I am trying to send a large CSV to kafka. The basic structure is to read a line of the CSV and zip it with the header.
a = dict(zip(header, line.split(",")
This then gets converted to a json with:
message = json.dumps(a)
I then use kafka-python library to send the message
from kafka import SimpleProducer, KafkaClient
kafka = KafkaClient("localhost:9092")
producer = SimpleProducer(kafka)
producer.send_messages("topic", message)
Using PYSPARK I have easily created an RDD of messages from the CSV file
sc = SparkContext()
text = sc.textFile("file.csv")
header = text.first().split(',')
def remove_header(itr_index, itr):
return iter(list(itr)[1:]) if itr_index == 0 else itr
noHeader = text.mapPartitionsWithIndex(remove_header)

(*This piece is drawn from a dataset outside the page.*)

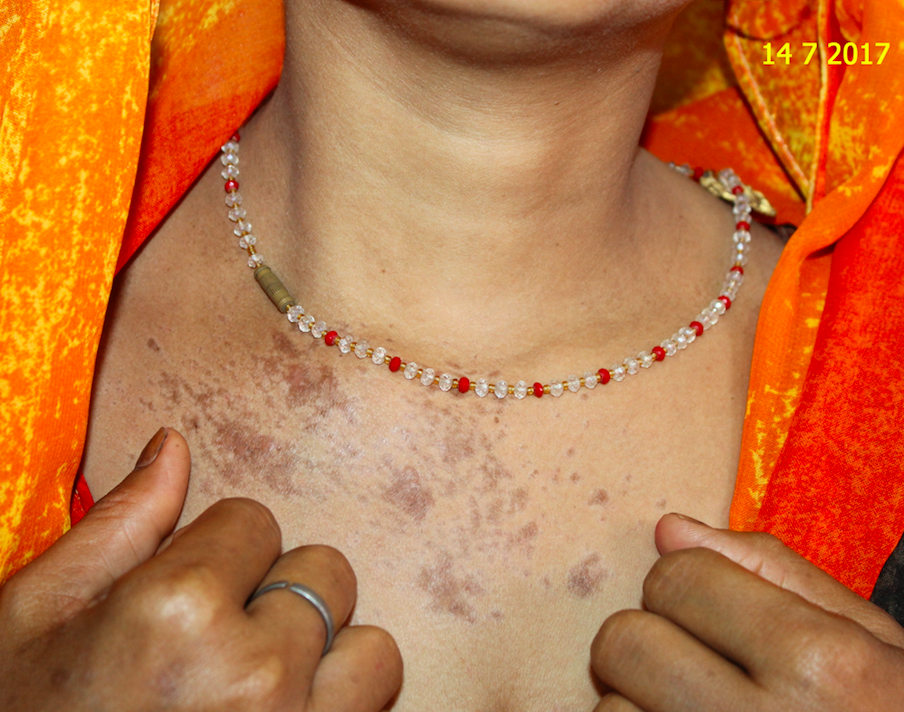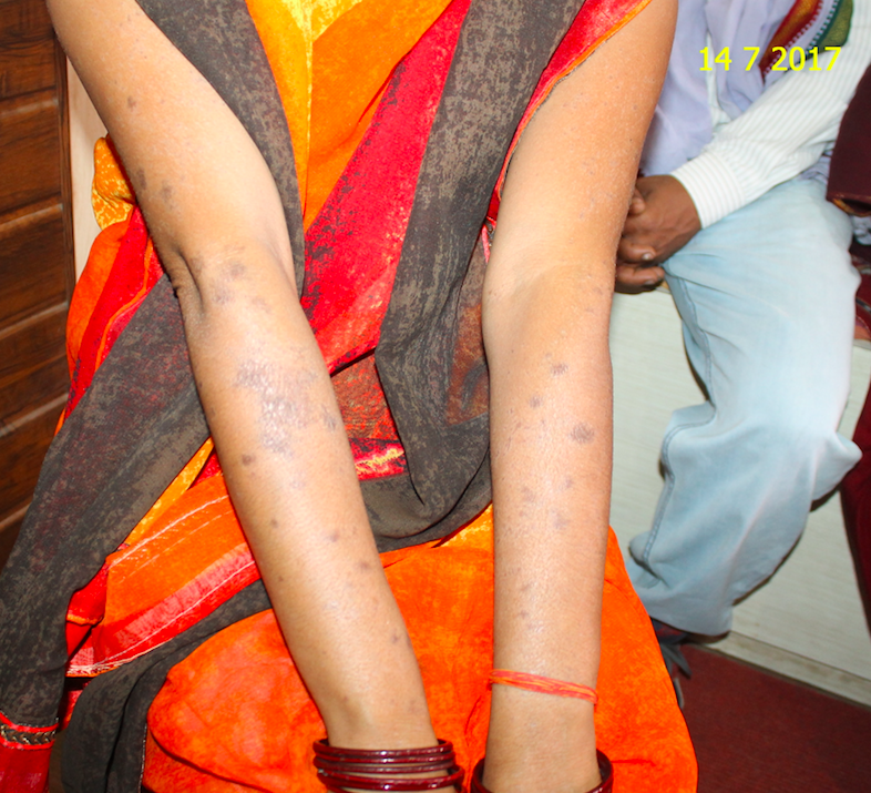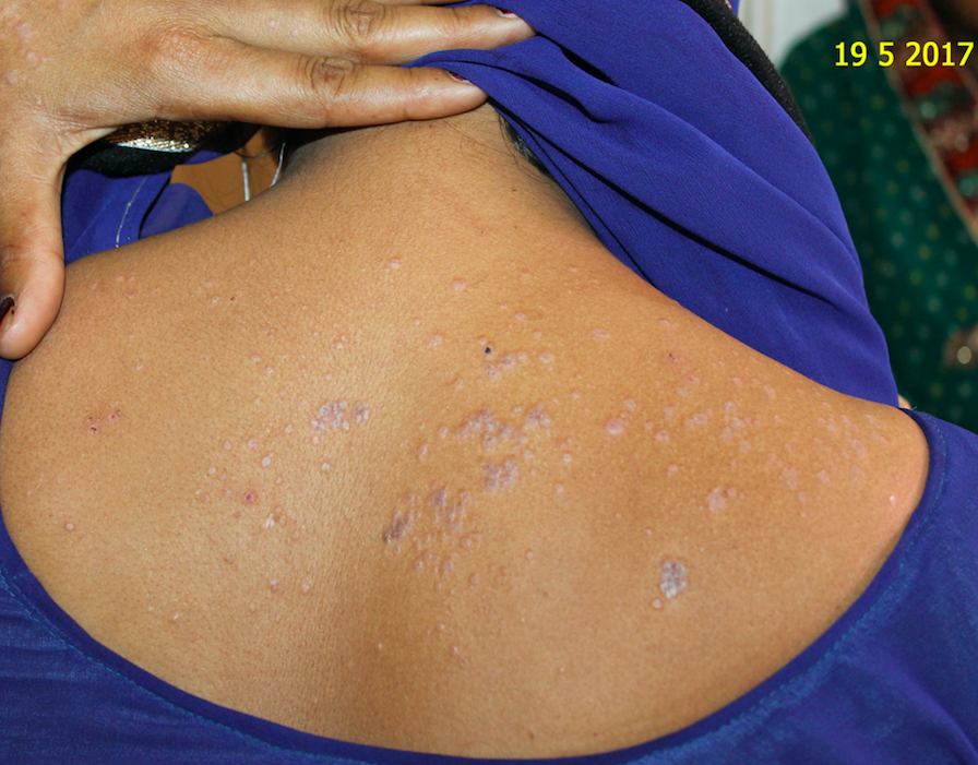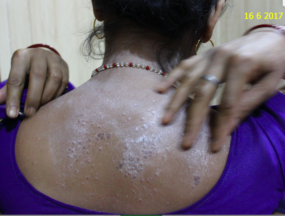 The patient came on 15-09-2017 for her sixth follow-up. By this time many of her spots were gone, only a few spots were left with a dull appearance. No itching or burning was left.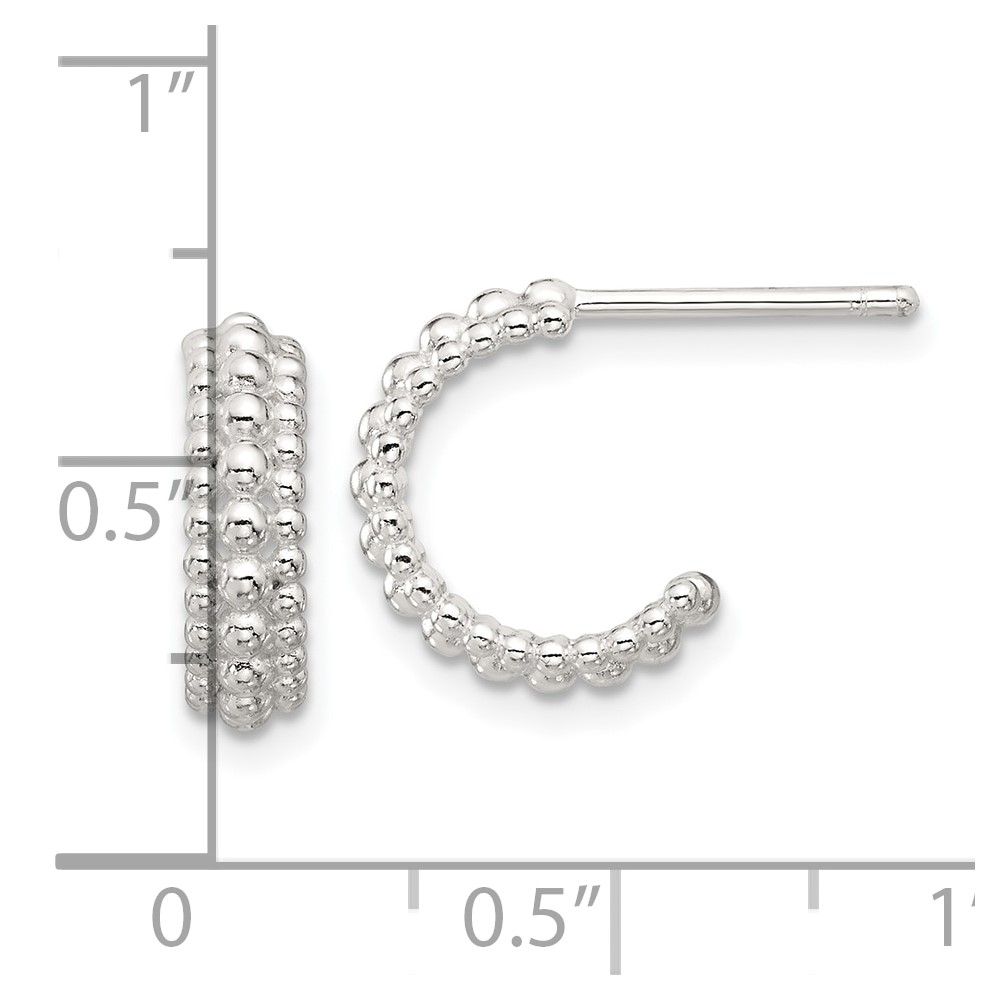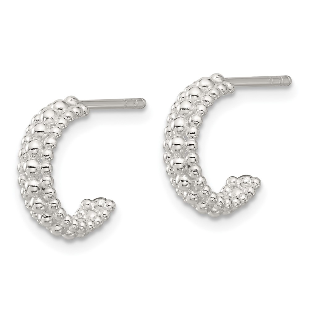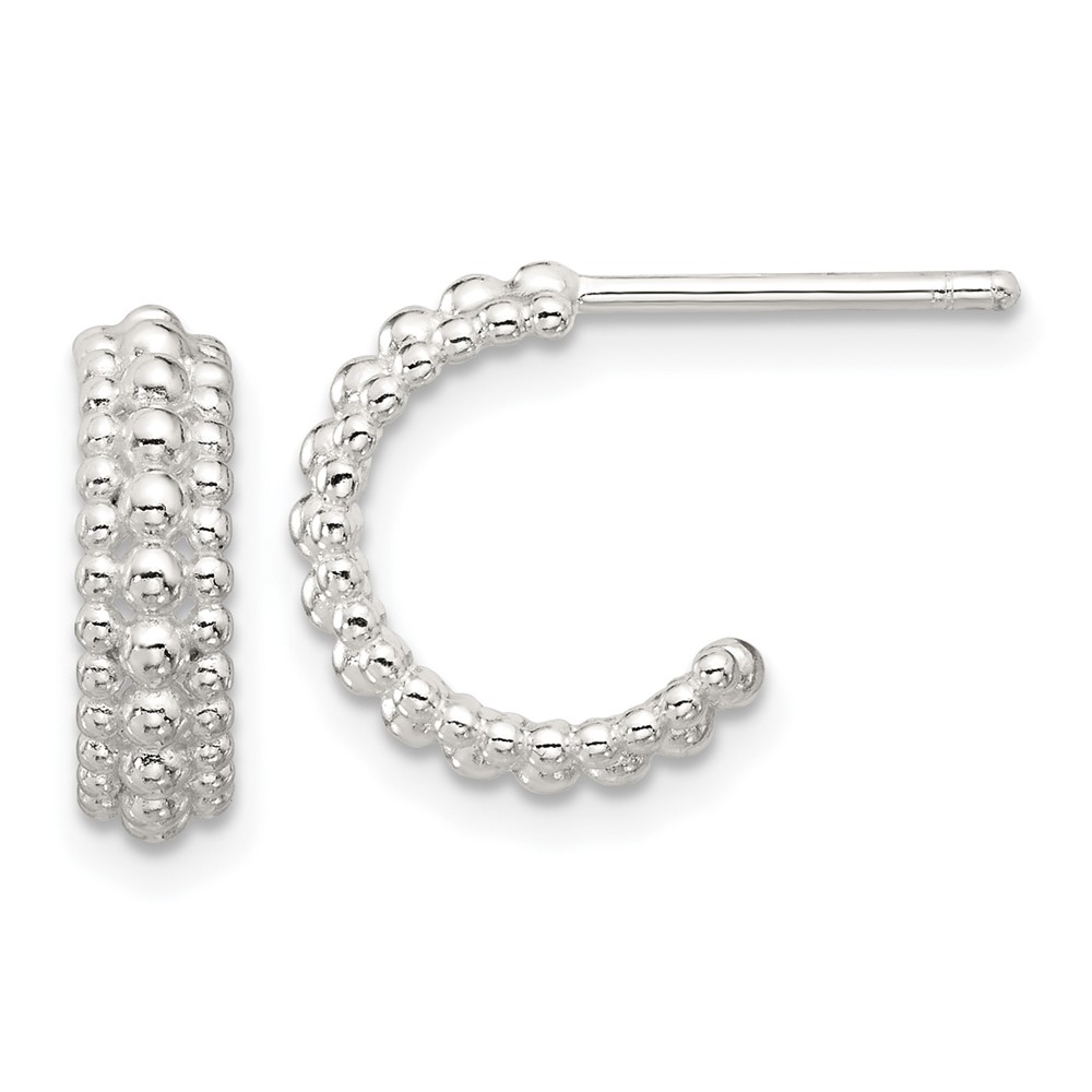 Sterling Silver E-coated Beaded C-Hoop Earrings

messageRDD = noHeader.map(lambda x: json.dumps(dict(zip(header, x.split(","))
Now I want to send these messages: I define a function
def sendkafka(message):
kafka = KafkaClient("localhost:9092")
producer = SimpleProducer(kafka)
return producer.send_messages('topic',message)
Then I create a new RDD to send the messages
sentRDD = messageRDD.map(lambda x: kafkasend(x))
I then call sentRDD.count()
Which starts churning and sending messages
Unfortunately this is very slow. It sends 1000 messages a second. This is on a 10 node cluster of 4 cpus each and 8gb of memory.
In comparison, creating the messages takes about 7 seconds on a 10 million row csv. ~ about 2gb
I think the issue is that I am instantiating a kafka producer inside the function. However, if I don't then spark complains that the producer doesn't exist even though I have tried defining it globally.
Perhaps someone can shed some light on how this problem may be approached.
Thank you,